BEGIN SUPPLIED RECORDS

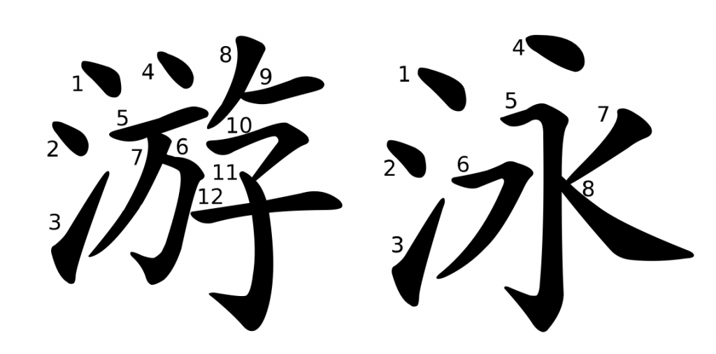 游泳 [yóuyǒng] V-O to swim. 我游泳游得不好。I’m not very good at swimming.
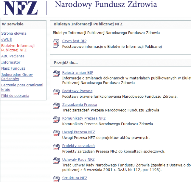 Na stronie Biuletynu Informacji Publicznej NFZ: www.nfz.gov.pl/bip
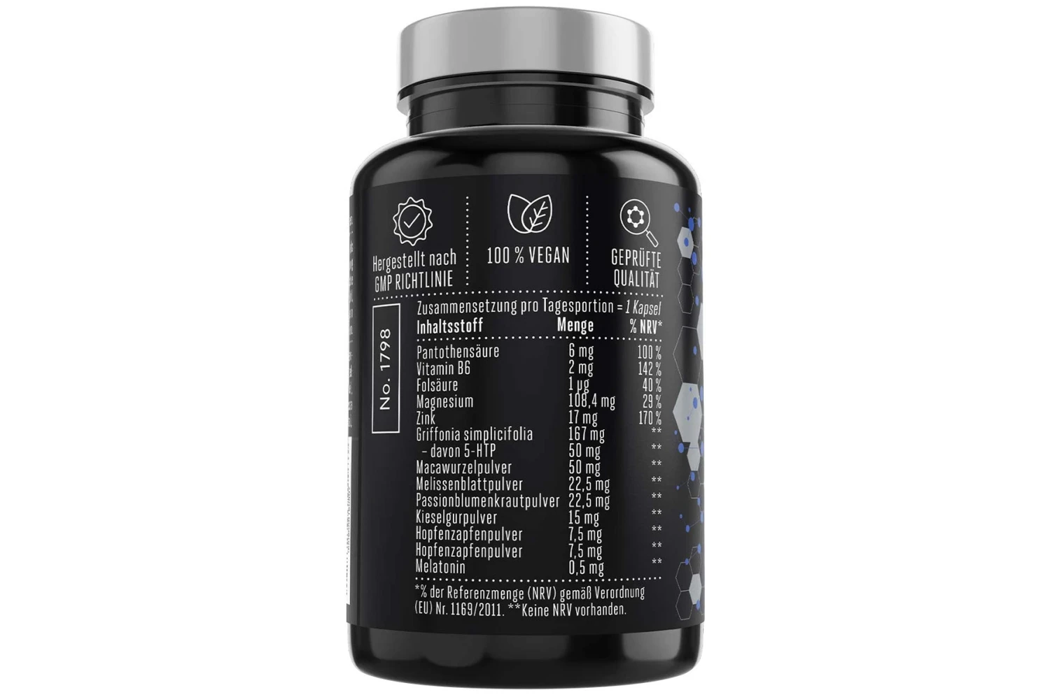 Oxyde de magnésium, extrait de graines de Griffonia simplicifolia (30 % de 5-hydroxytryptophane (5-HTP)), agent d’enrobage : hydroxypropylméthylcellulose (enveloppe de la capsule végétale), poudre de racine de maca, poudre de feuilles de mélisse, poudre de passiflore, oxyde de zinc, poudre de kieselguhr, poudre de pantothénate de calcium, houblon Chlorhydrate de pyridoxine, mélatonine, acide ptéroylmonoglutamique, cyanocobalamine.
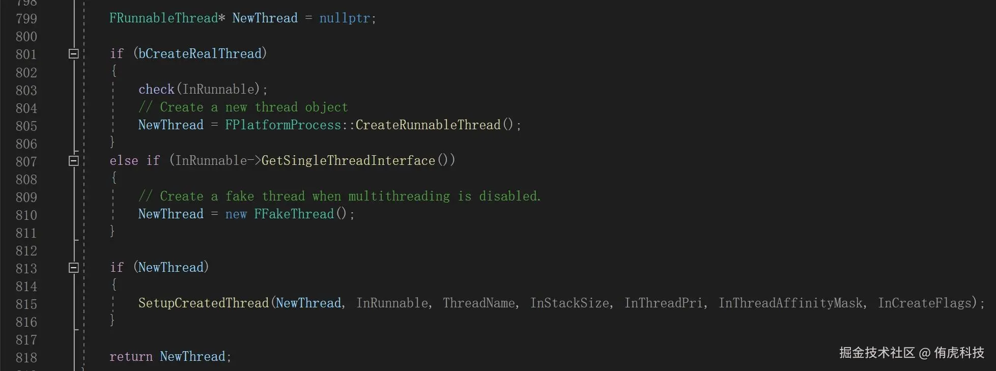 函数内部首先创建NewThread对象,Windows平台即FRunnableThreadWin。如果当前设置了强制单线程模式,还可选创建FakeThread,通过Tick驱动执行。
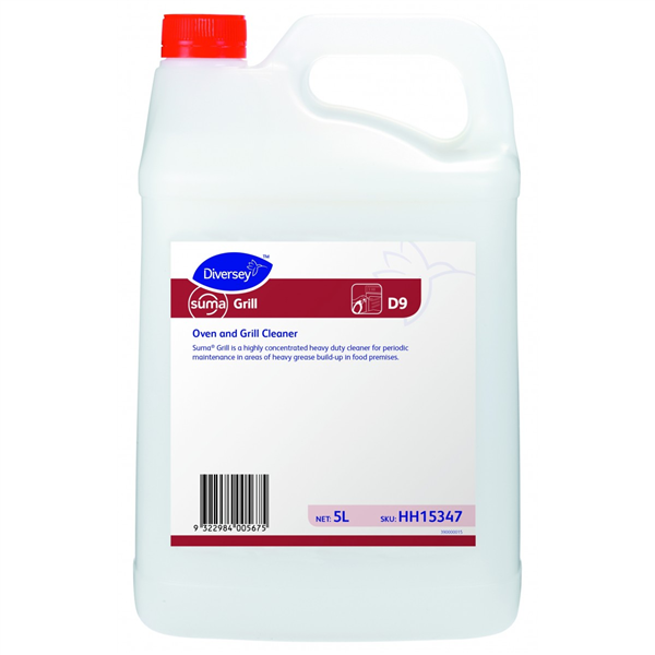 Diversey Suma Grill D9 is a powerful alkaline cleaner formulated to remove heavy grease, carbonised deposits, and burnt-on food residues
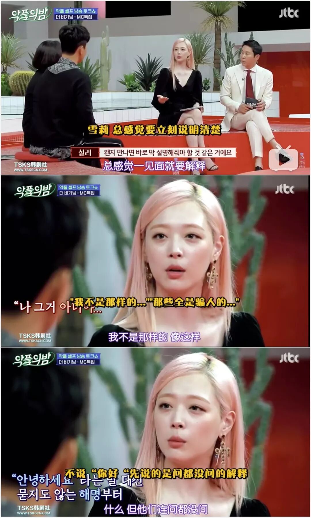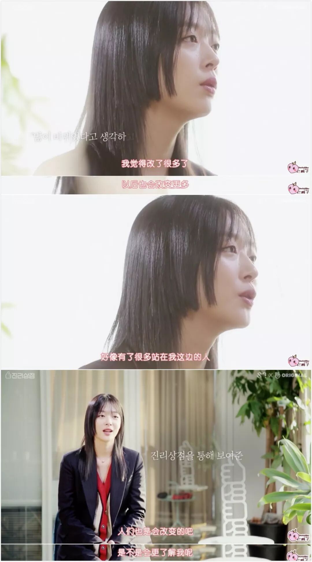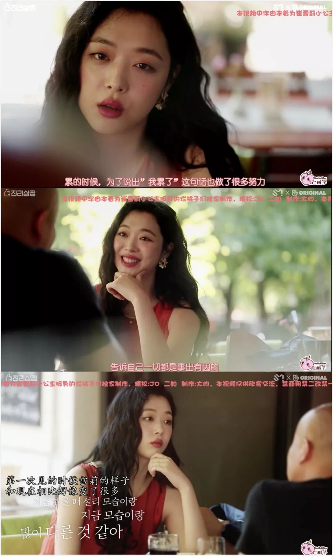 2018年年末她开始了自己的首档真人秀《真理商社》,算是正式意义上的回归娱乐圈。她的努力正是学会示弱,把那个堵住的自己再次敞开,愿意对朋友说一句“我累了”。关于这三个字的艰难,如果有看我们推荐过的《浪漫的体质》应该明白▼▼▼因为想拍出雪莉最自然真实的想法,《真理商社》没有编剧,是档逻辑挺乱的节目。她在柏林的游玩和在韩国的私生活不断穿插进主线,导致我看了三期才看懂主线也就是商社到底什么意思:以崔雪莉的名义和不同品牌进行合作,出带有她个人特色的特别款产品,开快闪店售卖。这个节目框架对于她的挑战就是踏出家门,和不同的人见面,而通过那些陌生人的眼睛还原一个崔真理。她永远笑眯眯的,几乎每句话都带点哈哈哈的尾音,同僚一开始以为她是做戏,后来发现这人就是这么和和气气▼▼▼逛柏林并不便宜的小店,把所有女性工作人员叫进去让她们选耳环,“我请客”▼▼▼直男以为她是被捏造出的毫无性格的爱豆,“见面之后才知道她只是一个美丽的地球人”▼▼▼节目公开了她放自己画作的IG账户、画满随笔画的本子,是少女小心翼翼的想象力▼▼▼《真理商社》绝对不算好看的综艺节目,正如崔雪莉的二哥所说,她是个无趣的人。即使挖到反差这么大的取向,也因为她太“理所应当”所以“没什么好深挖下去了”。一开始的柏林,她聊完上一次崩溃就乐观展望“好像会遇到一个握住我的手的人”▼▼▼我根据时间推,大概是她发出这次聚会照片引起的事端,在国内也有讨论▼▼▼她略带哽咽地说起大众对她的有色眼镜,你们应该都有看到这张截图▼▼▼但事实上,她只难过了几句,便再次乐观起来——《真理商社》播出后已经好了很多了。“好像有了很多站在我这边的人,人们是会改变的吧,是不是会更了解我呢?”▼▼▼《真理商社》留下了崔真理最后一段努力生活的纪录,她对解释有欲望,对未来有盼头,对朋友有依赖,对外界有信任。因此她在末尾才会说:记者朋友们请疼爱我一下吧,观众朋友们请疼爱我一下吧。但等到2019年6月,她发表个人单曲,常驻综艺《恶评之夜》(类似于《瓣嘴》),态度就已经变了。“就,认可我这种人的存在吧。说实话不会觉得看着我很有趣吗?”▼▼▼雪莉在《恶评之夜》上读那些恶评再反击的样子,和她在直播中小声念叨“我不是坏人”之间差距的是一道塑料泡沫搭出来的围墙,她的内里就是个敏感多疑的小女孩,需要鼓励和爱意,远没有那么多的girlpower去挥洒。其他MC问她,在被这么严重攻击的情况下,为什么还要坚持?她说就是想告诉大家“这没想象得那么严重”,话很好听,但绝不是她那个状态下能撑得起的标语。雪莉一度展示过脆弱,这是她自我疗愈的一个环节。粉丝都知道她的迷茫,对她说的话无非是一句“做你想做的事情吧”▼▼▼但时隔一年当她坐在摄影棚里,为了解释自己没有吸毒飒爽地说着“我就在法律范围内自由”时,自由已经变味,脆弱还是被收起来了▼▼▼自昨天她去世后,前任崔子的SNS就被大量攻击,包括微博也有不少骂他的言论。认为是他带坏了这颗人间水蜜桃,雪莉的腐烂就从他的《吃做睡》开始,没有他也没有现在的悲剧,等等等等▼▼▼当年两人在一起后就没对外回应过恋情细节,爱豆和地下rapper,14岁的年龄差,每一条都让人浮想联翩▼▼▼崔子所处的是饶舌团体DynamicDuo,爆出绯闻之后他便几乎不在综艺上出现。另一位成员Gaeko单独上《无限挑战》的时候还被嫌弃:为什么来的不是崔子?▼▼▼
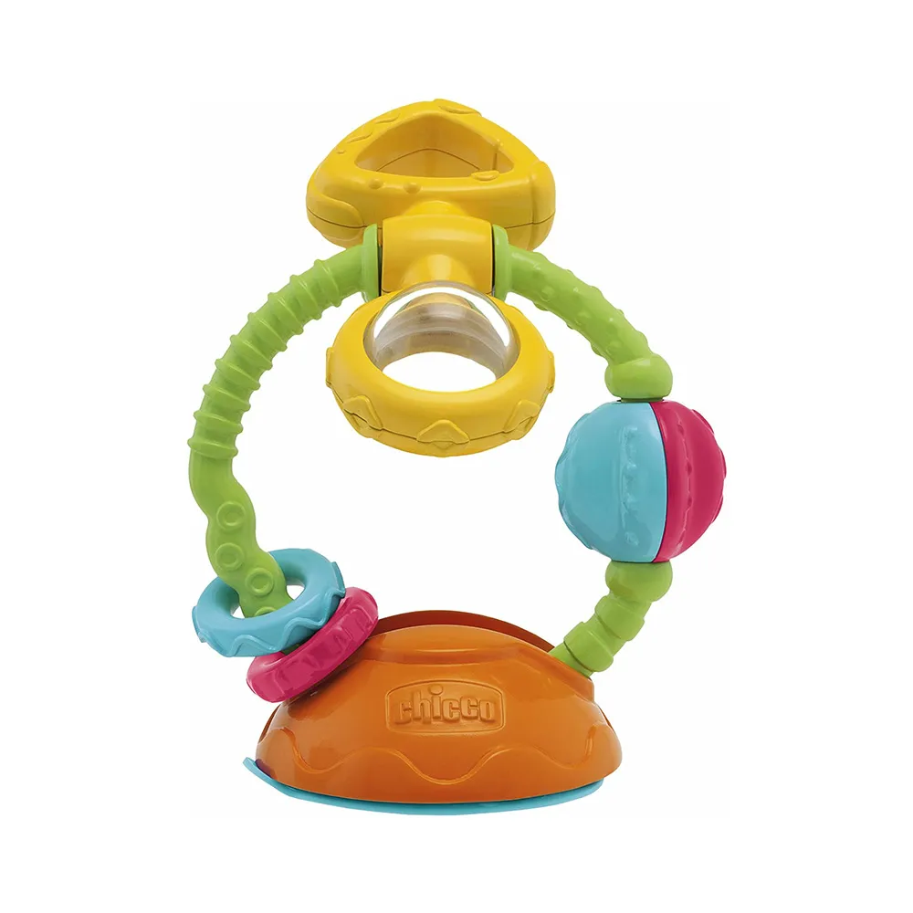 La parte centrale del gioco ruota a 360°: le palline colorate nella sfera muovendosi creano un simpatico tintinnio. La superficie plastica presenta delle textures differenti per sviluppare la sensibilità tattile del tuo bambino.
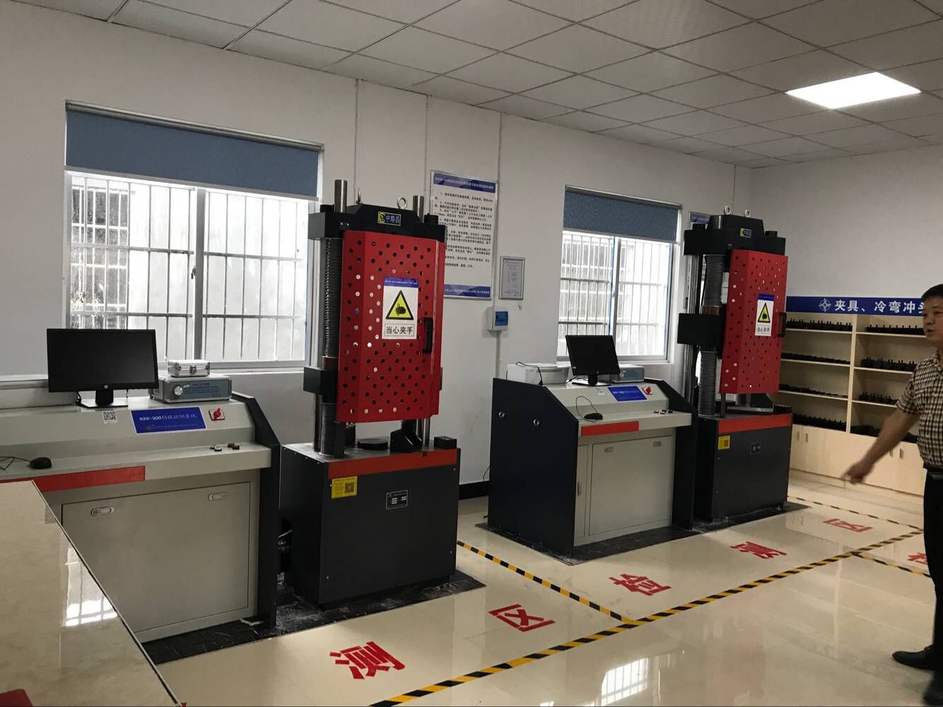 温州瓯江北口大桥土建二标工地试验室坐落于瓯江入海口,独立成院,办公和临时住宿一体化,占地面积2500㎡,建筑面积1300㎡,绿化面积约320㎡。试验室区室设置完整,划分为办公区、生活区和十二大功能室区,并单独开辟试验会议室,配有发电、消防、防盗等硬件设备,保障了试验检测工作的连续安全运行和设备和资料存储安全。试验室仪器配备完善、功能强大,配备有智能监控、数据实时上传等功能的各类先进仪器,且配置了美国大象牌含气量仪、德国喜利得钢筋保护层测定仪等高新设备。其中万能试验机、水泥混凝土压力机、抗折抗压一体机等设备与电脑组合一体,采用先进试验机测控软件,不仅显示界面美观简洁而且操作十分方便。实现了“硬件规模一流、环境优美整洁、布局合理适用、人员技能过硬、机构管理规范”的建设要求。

END SUPPLIED RECORDS

- TASK ITEM -
Look through the listing above for the line with "Oxyde de magnésium, extrait" and the line with "Diversey Suma Grill". Write out exactly those lines and everything between, leaving out pictures.

- OUTPUT BELOW -
 Oxyde de magnésium, extrait de graines de Griffonia simplicifolia (30 % de 5-hydroxytryptophane (5-HTP)), agent d’enrobage : hydroxypropylméthylcellulose (enveloppe de la capsule végétale), poudre de racine de maca, poudre de feuilles de mélisse, poudre de passiflore, oxyde de zinc, poudre de kieselguhr, poudre de pantothénate de calcium, houblon Chlorhydrate de pyridoxine, mélatonine, acide ptéroylmonoglutamique, cyanocobalamine.
 函数内部首先创建NewThread对象,Windows平台即FRunnableThreadWin。如果当前设置了强制单线程模式,还可选创建FakeThread,通过Tick驱动执行。
 Diversey Suma Grill D9 is a powerful alkaline cleaner formulated to remove heavy grease, carbonised deposits, and burnt-on food residues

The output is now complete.